Wrist Arthrocentesis: Indications, Procedure, and Clinical Uses

Dr Arun Pal Singh ·

Last Updated on May 14, 2025

Wrist arthrocentesis is a diagnostic and therapeutic procedure in which synovial fluid is aspirated from the wrist joint under sterile precautions.

It is primarily performed to evaluate unexplained joint swelling, pain, or suspected infection, and also serves as a means of delivering intra-articular medications in inflammatory or crystal-induced arthropathies.

The wrist joint is anatomically complex. Proper technique, anatomical knowledge, and patient selection are essential for minimizing complications and ensuring diagnostic yield.
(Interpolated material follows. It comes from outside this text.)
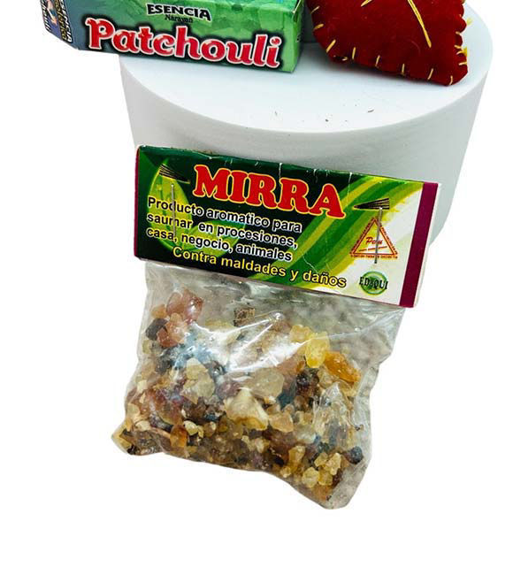 Patchouli essence oil kit with myrrh and a lucky amulet. Perfect for stress relief, rituals, and spiritual wellness. Natural, aromatic, and easy to use.

Wrist arthrocentesis plays a pivotal role in the early diagnosis of septic arthritis, crystal arthropathy, and inflammatory conditions, and is an important adjunct in the management of painful effusions.

In recent years, ultrasound guidance has emerged as a valuable adjunct to wrist arthrocentesis, offering improved precision in joint access and minimizing procedural complications.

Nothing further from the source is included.